Re: script running in jupyter 6-7x faster than spark submit

2019-09-10 Thread Stephen Boesch
Sounds like you have done your homework to properly compare .   I'm
guessing the answer to the following is yes .. but in any case:  are they
both running against the same spark cluster with the same configuration
parameters especially executor memory and number of workers?

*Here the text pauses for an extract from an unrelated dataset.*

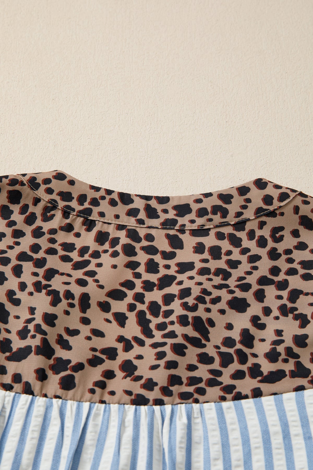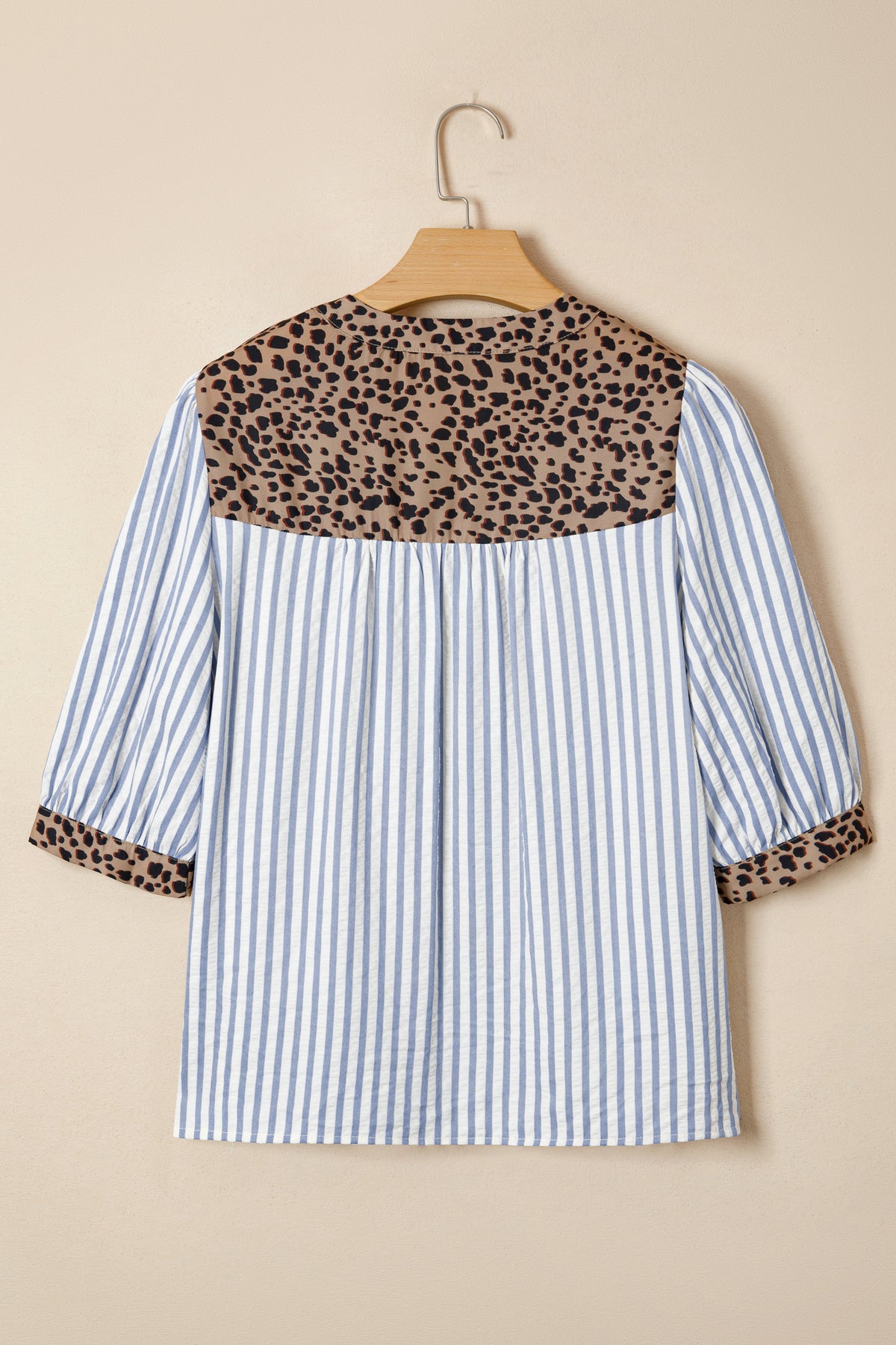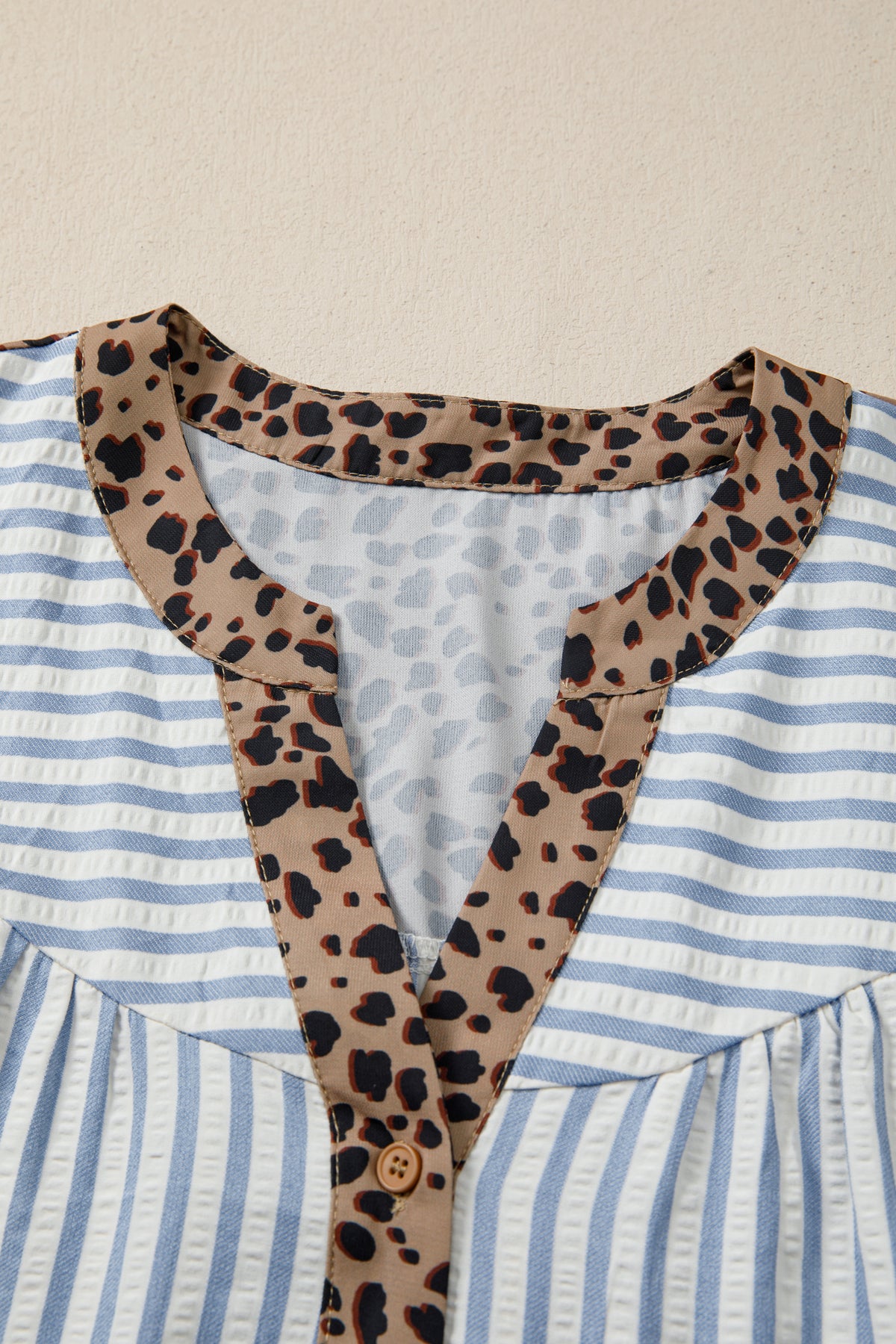 Stay comfy and put-together all at once in Lucy Down Half Sleeve Shirt. Trendy striped V neck shirt with chic leopard trim detail for bold contrast. Button down front and half sleeves create an easy, flattering silhouette. Breathable lightweight fabric keeps you cool and comfy all day long. Perfect casual shirt to style with jeans, skirts, or tailored pants. Material: 50%Polyester+50%Viscose.
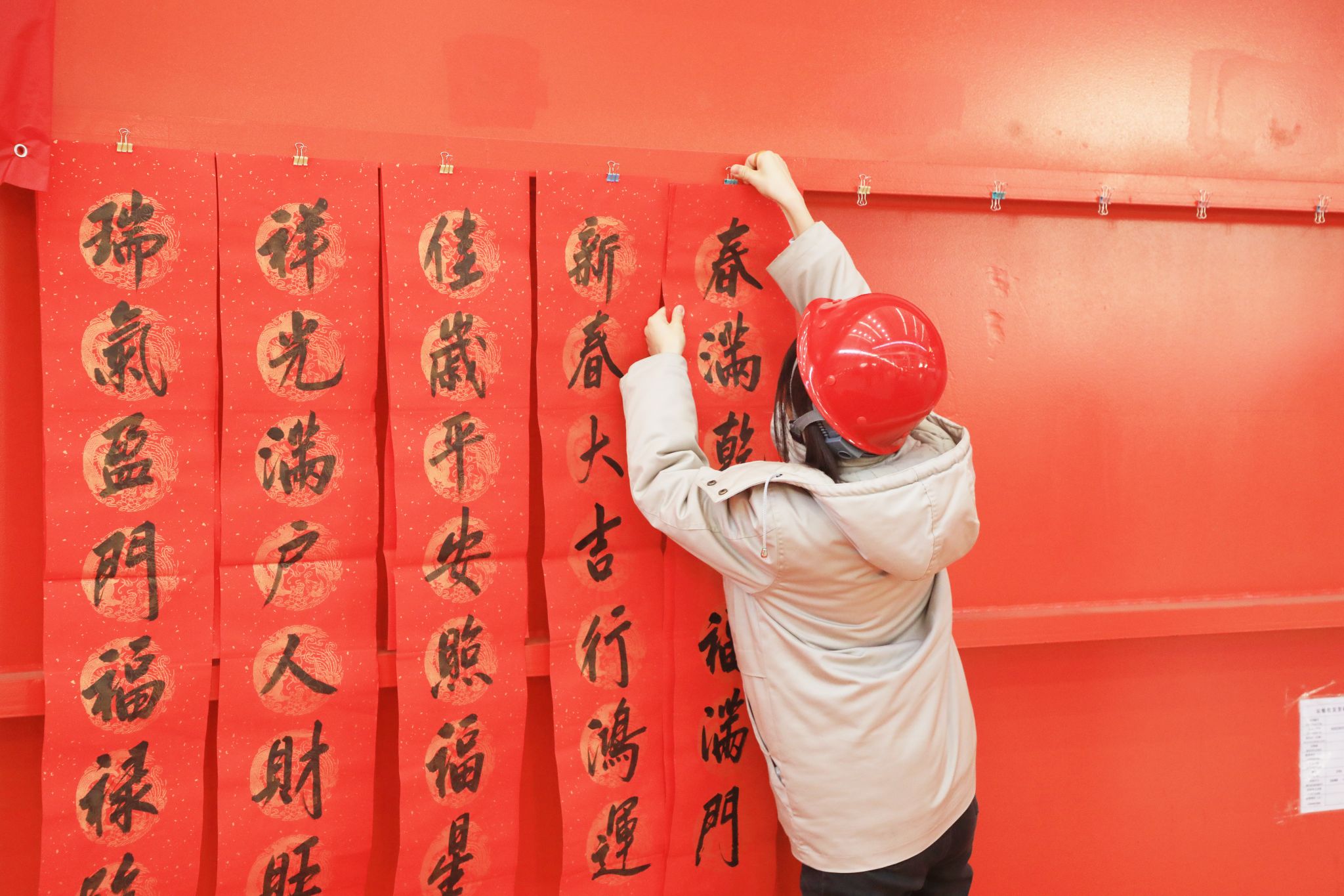 “乘风破浪,久久为功,再铸太重新辉煌;盛世龙腾,挑战自我,振兴崛起太重梦”“一帆风顺年年好,万事如意步步高”……铺纸、蘸墨、起笔,大家挥毫泼墨、激情书写,在红彤彤的喜庆与希冀中,将用心挑选的文字用艺术的形式展现出来,一幅幅遒劲有力、清爽洒脱的新春祝福,带着清新的墨香跃然纸上。

Am Di., 10. Sept. 2019 um 20:05 Uhr schrieb Dhrubajyoti Hati <
dhruba.w...@gmail.com>:

> No, i checked for that, hence written "brand new" jupyter notebook. Also
> the time taken by both are 30 mins and ~3hrs as i am reading a 500  gigs
> compressed base64 encoded text data from a hive table and decompressing and
> decoding in one of the udfs. Also the time compared is from Spark UI not
> how long the job actually takes after submission. Its just the running time
> i am comparing/mentioning.
>
> As mentioned earlier, all the spark conf params even match in two scripts
> and that's why i am puzzled what going on.
>
> On Wed, 11 Sep, 2019, 12:44 AM Patrick McCarthy, 
> wrote:
>
>> It's not obvious from what you pasted, but perhaps the juypter notebook
>> already is connected to a running spark context, while spark-submit needs
>> to get a new spot in the (YARN?) queue.
>>
>> I would check the cluster job IDs for both to ensure you're getting new
>> cluster tasks for each.
>>
>> On Tue, Sep 10, 2019 at 2:33 PM Dhrubajyoti Hati 
>> wrote:
>>
>>> Hi,
>>>
>>> I am facing a weird behaviour while running a python script. Here is
>>> what the code looks like mostly:
>>>
>>> def fn1(ip):
>>>some code...
>>> ...
>>>
>>> def fn2(row):
>>> ...
>>> some operations
>>> ...
>>> return row1
>>>
>>>
>>> udf_fn1 = udf(fn1)
>>> cdf = spark.read.table("") //hive table is of size > 500 Gigs with
>>> ~4500 partitions
>>> ddf = cdf.withColumn("coly", udf_fn1(cdf.colz)) \
>>> .drop("colz") \
>>> .withColumnRenamed("colz", "coly")
>>>
>>> edf = ddf \
>>> .filter(ddf.colp == 'some_value') \
>>> .rdd.map(lambda row: fn2(row)) \
>>> .toDF()
>>>
>>> print edf.count() // simple way for the performance test in both
>>> platforms
>>>
>>> Now when I run the same code in a brand new jupyter notebook it runs 6x
>>> faster than when I run this python script using spark-submit. The
>>> configurations are printed and  compared from both the platforms and they
>>> are exact same. I even tried to run this script in a single cell of jupyter
>>> notebook and still have the same performance. I need to understand if I am
>>> missing something in the spark-submit which is causing the issue.  I tried
>>> to minimise the script to reproduce the same error without much code.
>>>
>>> Both are run in client mode on a yarn based spark cluster. The machines
>>> from which both are executed are also the same and from same user.
>>>
>>> What i found is the  the quantile values for median for one ran with
>>> jupyter was 1.3 mins and one ran with spark-submit was ~8.5 mins.  I am not
>>> able to figure out why this is happening.
>>>
>>> Any one faced this kind of issue before or know how to resolve this?
>>>
>>> *Regards,*
>>> *Dhrub*
>>>
>>
>>
>> --
>>
>>
>> *Patrick McCarthy  *
>>
>> Senior Data Scientist, Machine Learning Engineering
>>
>> Dstillery
>>
>> 470 Park Ave South, 17th Floor, NYC 10016
>>
>


Re: script running in jupyter 6-7x faster than spark submit

2019-09-10 Thread Dhrubajyoti Hati
No, i checked for that, hence written "brand new" jupyter notebook. Also
the time taken by both are 30 mins and ~3hrs as i am reading a 500  gigs
compressed base64 encoded text data from a hive table and decompressing and
decoding in one of the udfs. Also the time compared is from Spark UI not
how long the job actually takes after submission. Its just the running time
i am comparing/mentioning.

As mentioned earlier, all the spark conf params even match in two scripts
and that's why i am puzzled what going on.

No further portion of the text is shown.